Lesson: small local models do not follow instructions as reliably as larger models. You cannot assume prompt constraints are naturally effective.

Pitfall 4: Ollama Hot-Reload Issues

When switching use_vector, if Ollama was not started cleanly, the service would return HTTP 500 errors without crashing, which made debugging harder. The fix was to add a /health endpoint for active status checks.

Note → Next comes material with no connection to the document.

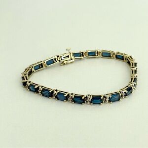 STUNNING 14k Yellow Gold Sapphire & Diamond Vintage Tennis Bracelet

Chapter 10: Optimization Directions and Closing Thoughts

10.1 Model Upgrade Path

qwen2.5:0.5b (current)
    ↓ Upgrade first when memory allows
qwen2.5:3b  (+2 points)
    ↓ Add more RAM / GPU when possible
qwen2.5:7b  (+3 points)
    ↓ Further upgrade
LLaMA3.1:8B / ChatGLM4:9B

10.2 Two-Stage Retrieval Plan

candidates = retrieve_bm25(query, top_k=20)       # Stage 1: coarse ranking
reranked = cross_encoder_rerank(query, candidates, top_k=4)  # Stage 2: reranking

Expected benefit: a 15% to 20% improvement in recall.

10.3 Synonym Expansion

QUERY_EXPANSIONS = {
    "average amount per case": ["average contract amount", "average borrowed amount per person"],
    "collection entry": ["overdue", "unpaid", "non-performing"],
}

10.4 Summary

This RAG system is not a “perfect solution.” It is the best compromise under current resource constraints:

2 vCPU / 3.8 GB / no GPU → BM25 + 0.5B is the only realistic option
It is usable, but the bottlenecks are obvious → a score of 6 is a starting point, not an ending point
Every iteration is about doing the most worthwhile thing the current resource budget allows

The core engineering principle is this: there is no universally optimal solution, only the solution that best fits the current stage.